Dans le monde, loin d’un tapis de yoga, j’ai rappelé les sensations de Child’s Pose intérieurement et j’ai ressenti un changement énergétique. Vous pouvez également simplement prendre un élément disponible de la forme et le mettre en scène : ramenez votre front vers une surface, inclinez votre tête vers votre cœur ou envoyez-vous un rappel pour faire une pause, une respiration, relaxez-vous. Et quand vous êtes prêt (et seulement quand vous êtes prêt), recommencez.
Comment rendre la pose de l’enfant encore plus confortable
Et si Child’s Pose ne vous apportait pas un effet calmant ?
Si vous n’avez jamais atteint un état de bonheur dans cette forme, vous n’êtes pas seul. N’oubliez pas que l’anatomie de chacun est légèrement différente. Aucune pose n’a la même sensation dans le corps pour tout le monde. D’un point de vue musculo-squelettique, « cette posture nécessite une flexion complète des hanches et des genoux », explique Rubenstein Fazzio. « Donc, cela peut être aggravant pour ceux qui ont une amplitude de mouvement limitée en raison d’une blessure, d’une arthrite grave ou d’autres conditions. » En raison de la compression vers l’avant de Child’s Pose, certaines personnes peuvent avoir une respiration restreinte ou être anxieuses. Si ceux-ci ou tout autre inconfort se produit, essayez une modification.

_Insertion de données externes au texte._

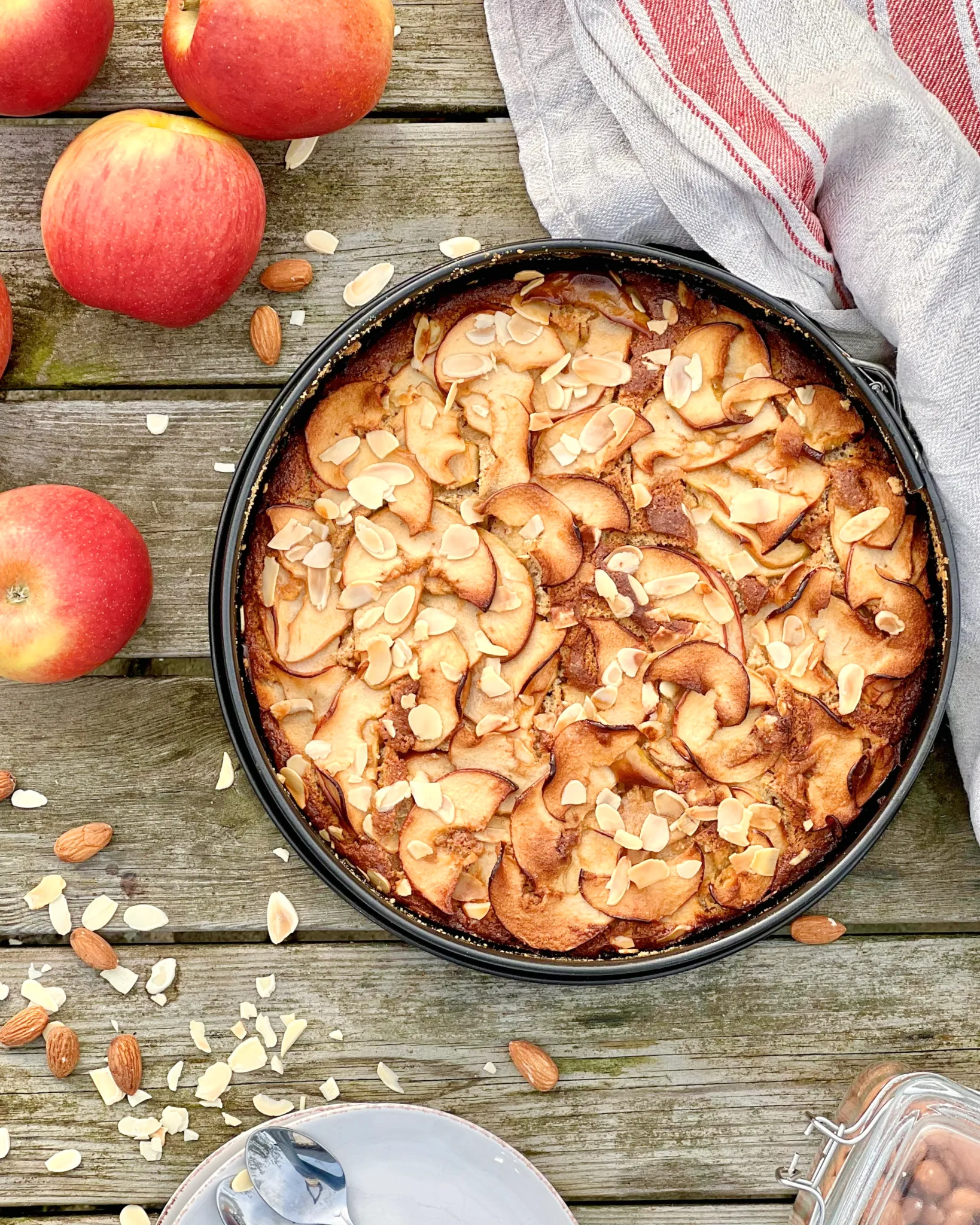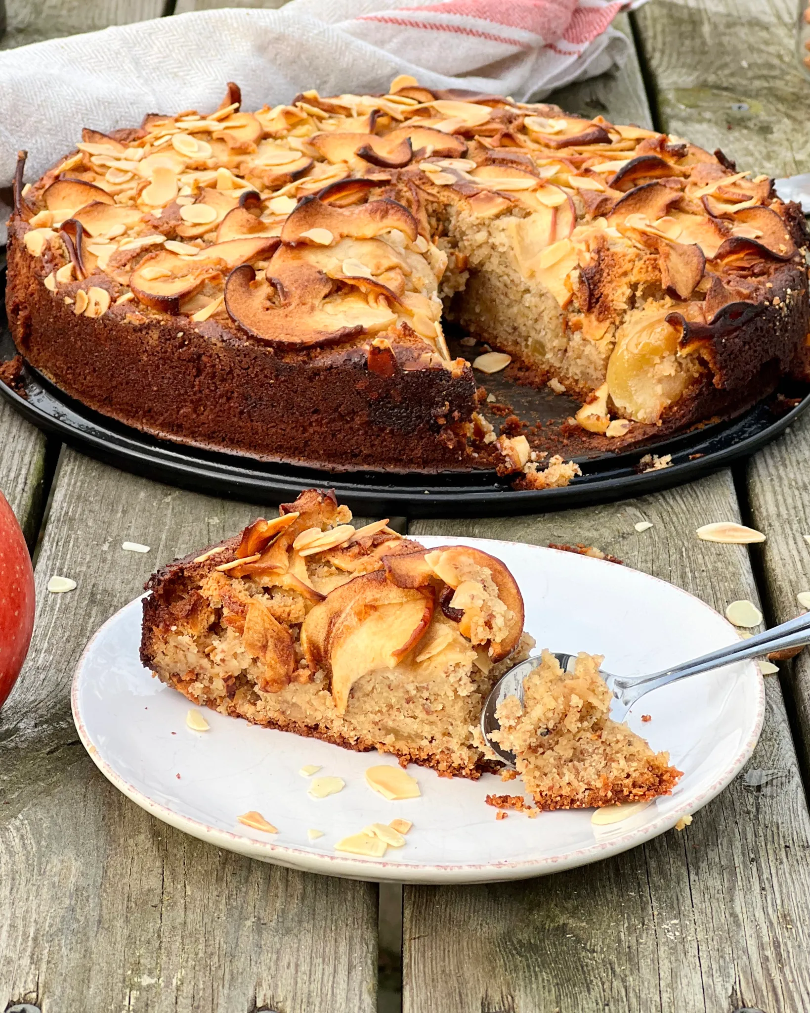 En lite extra söt, lyxig bjudkaka till gofika och kalas. Saftig äppelkaka, naturligt glutenfri, gjord av mycket äpple och mandel, kryddad med kardemumma och ingefära och sötad med lönnsirap. Alltså makalöst god.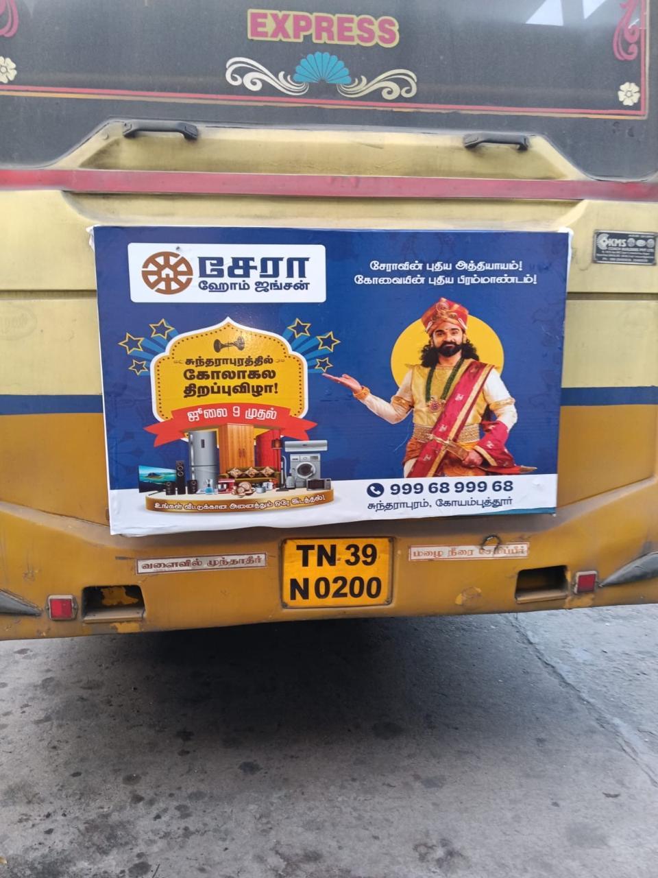 Advertise your brand on moving buses across Coimbatore. Bus advertising ensures maximum reach and exposure among daily commuters and travelers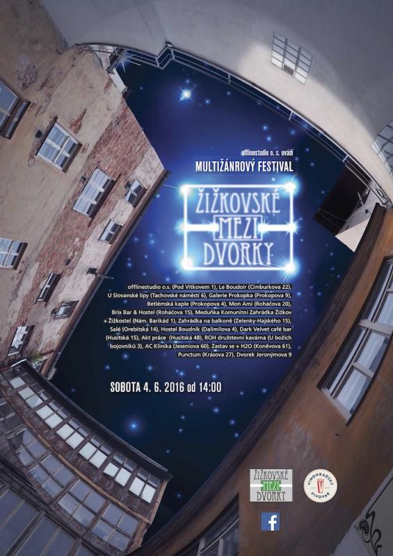 Celý den bude festival provázet mezidvorková hra. Mezidvorky budou končit ve sklepě Žižkostela, tedy v místě, kde začínaly. Komu to nebude stačit, může vyrazit na nedělní chill-out program, který bude probíhat na dvorku Dark Velvet café baru (Husitská 15).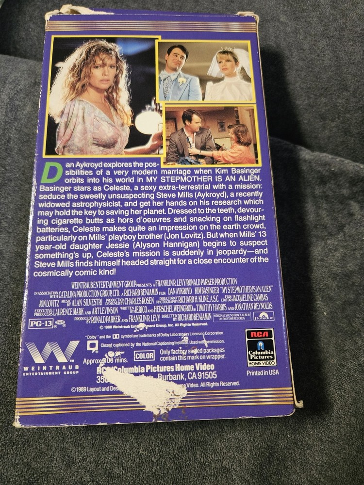 The product is a rare original release version of the 1988 VHS tape "My Stepmother Is An Alien." Directed by unknown, starring Dan Aykroyd, and produced by Columbia Pictures, this sci-fi comedy film is in NTSC signal standard with a PG-13 rating. It is a cult classic with special features and is in English language. The VHS tape is a sought-after collectible for fans of the unique and entertaining storyline of this movie.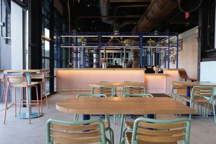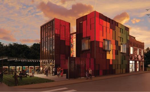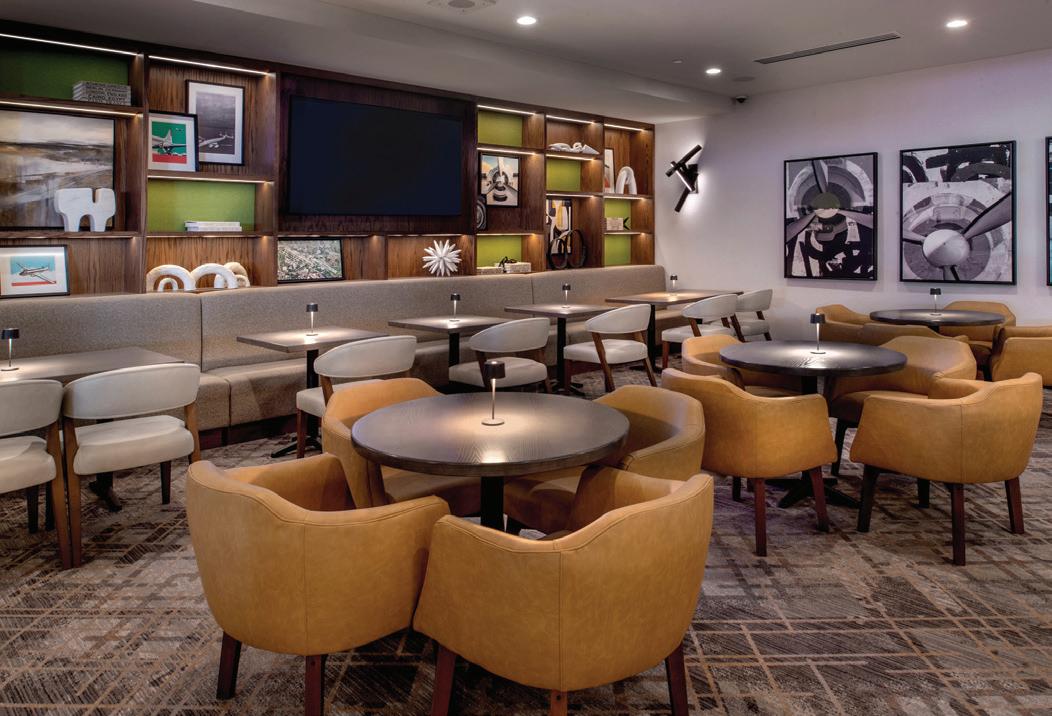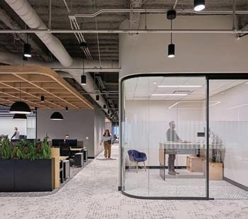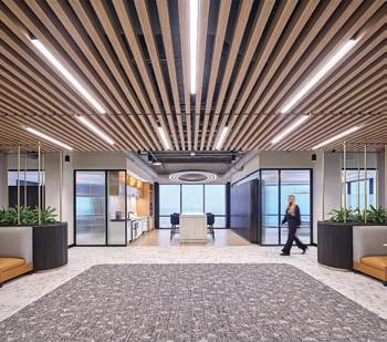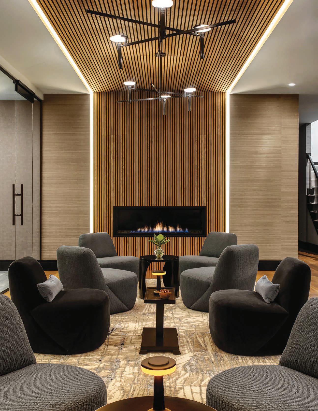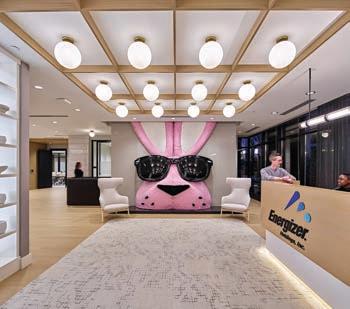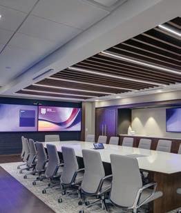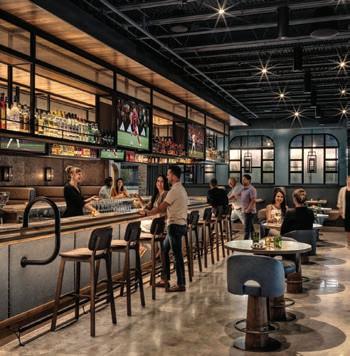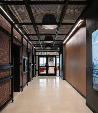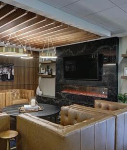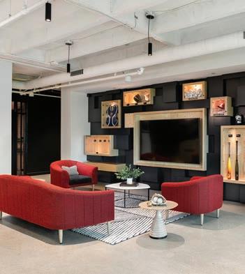 This project transformed two floors of mixed-use space, formerly housing a restaurant and bar, into an immersive retail destination for a global sporting goods brand. The flagship extends beyond the sale of merchandise, celebrating the brand’s deep connection to baseball and its visibility as a St. Louis-based company since 1887. Solutions to merge two tenant spaces into a cohesive, stadium-like atmosphere included extending the storefront 20 feet, adjusting patio elevations and creating a 26-foot-by-26-foot vertical opening between floors, anchored by a grand staircase that unifies the space and serves as a visual focal point. The design concept focused on stadium-inspired design elements –open, exposed levels, polished concrete, black fencing, woodgrain textures and a dynamic LED scorecard ribbon between floors – transporting visitors to a nighttime baseball game. Red and white accents capture the leather and stitching of the classic baseball and glove, tying in the brand’s iconic visual identity as you move throughout. Custom display cases filled with artifacts, an interactive timeline of milestones and moments in baseball history and wall graphics celebrating the company’s craftsmanship build excitement and a sense of discovery. Two floors of merchandise fully immerse shoppers in the brand, including nearly 200 baseball gloves displayed across two walls and illuminated with custom lighting and the Bat Zone lounge, offering hundreds of bats for shoppers of every age and skill level. Adding a batting cage in a mixeduse facility introduced acoustic concerns. Soundproofing solutions included insulated wall cavities, isolated drywall framing, acoustic panels, high-STC ceiling tiles and coverings over penetrations. Astroturf and carpeting further reduced sound transmission while enhancing the look and feel of a ballfield. Photography by Karen Palmer Photography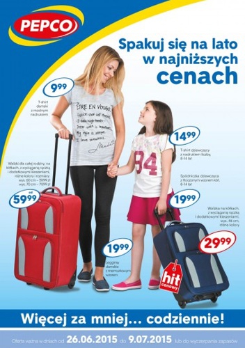 {loadposition linkPepco} Nowa gazetka promocyjna Pepco - "Spakuj się na lato w najniższych cenach". Polecane promocje z gazetki Pepco: Walizka na kółkach z wyciąganą rączką i dodatkowymi kieszeniami - 29,99 zł. Tunika dziewczęca z nadrukiem kotka - 14,99 zł.…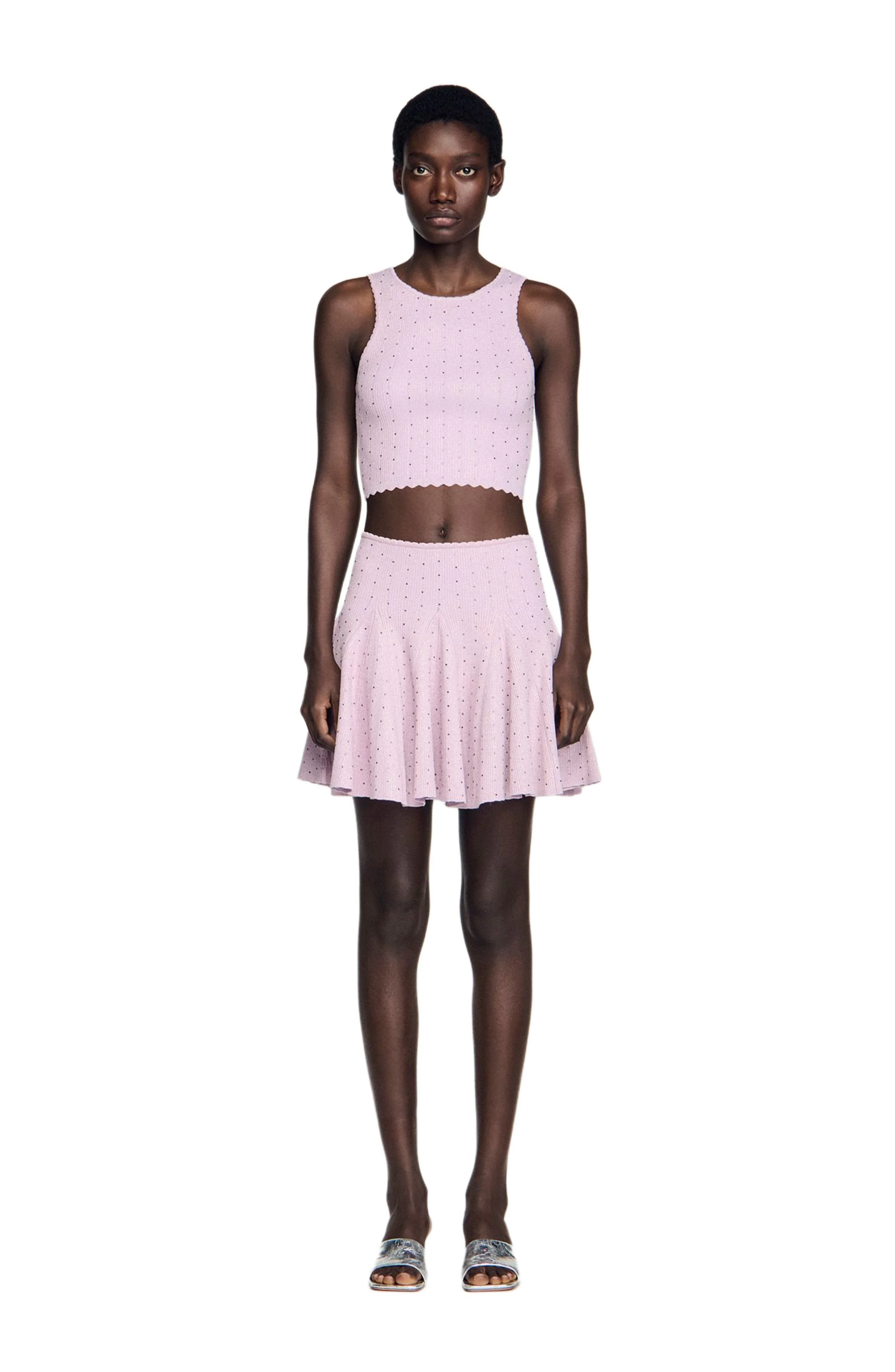 Sleeveless rhinestone-embellished knit crop top with round neck and cocotte stitch finish. Sandro Women's rhinestone-embellished knit crop top Cropped fit Round neck Sleeveless Cocotte stitch finish The model is 5'11 tall and wears a size small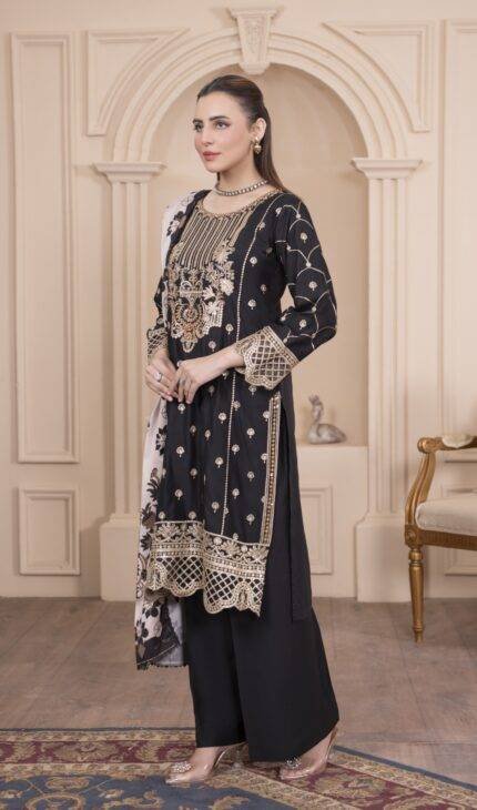 3 Piece Viscos with shawl Suit – Embroidered with Shawl (Stitched)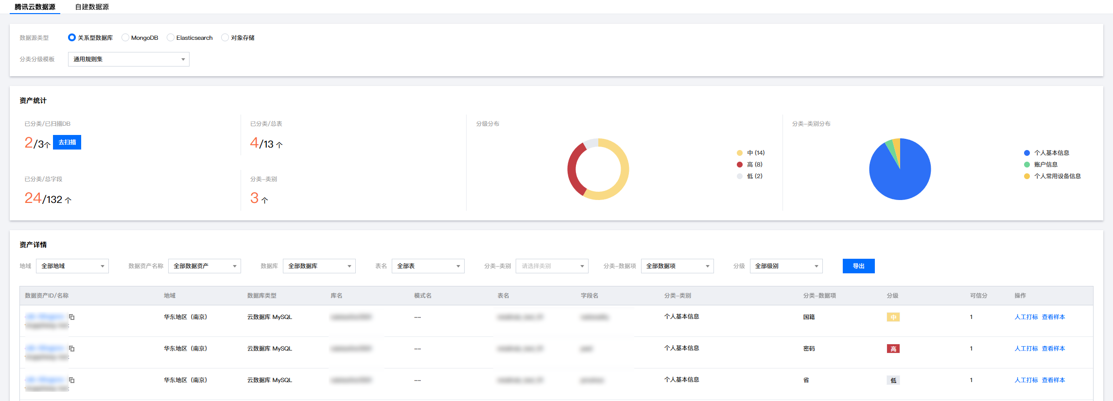 2. 在敏感数据资产页面,您可以查看指定数据库、表的敏感数据详情,同时也支持按照不同的分类、分级进行敏感数据的筛选。

Pose d’enfant quand vous ne pouvez pas toucher votre tête au sol
Apportez votre front pour se reposer sur un bloc, une couverture pliée, même vos mains ou avant-bras empilés à la place. Mais appliquez une légère pression sur le front car cela peut stimuler une réponse de relaxation. (Pensez à la façon dont, en période de stress, il y a souvent un instinct naturel pour porter votre main à votre front. Ce n’est pas seulement pour jouer le rôle d’une reine du drame.)
Pose d’enfant quand vos genoux n’aiment pas le sol
Vous pouvez également glisser une couverture pliée sous vos genoux pour vous amortir.
Pose d’enfant quand vous avez les épaules serrées
Essayez de placer un bloc ou une petite pile de livres sous chaque main.
Pose de l’enfant lorsque votre siège ne repose pas sur vos talons
Si votre siège ne repose pas sur vos talons, glissez une couverture pliée ou deux ou même quelques oreillers entre votre derrière et vos talons afin que vous puissiez vous asseoir confortablement et vous détendre plutôt que de vous tenir en position.
Pose de l’enfant quand vous êtes enseignant
Demandez toujours la permission avant d’offrir des ajustements pratiques dans cette pose ou dans n’importe quelle pose, en particulier celle dans laquelle vous vous approchez tranquillement d’un élève sans être dans sa ligne de mire. Il y a aussi quelque chose de sacré dans le fait de garder tranquillement un espace, même à plusieurs mètres de distance, pour que les étudiants se tournent vers l’intérieur et se lancent dans le travail invisible du yoga – enquête, écoute, communion avec soi et repos.
Si Child’s Pose s’avère physiquement ou émotionnellement inconfortable pour vous pour une raison quelconque, vous pouvez tout à fait l’ignorer. Le corps et l’expérience de chacun sont différents. Honorez cela.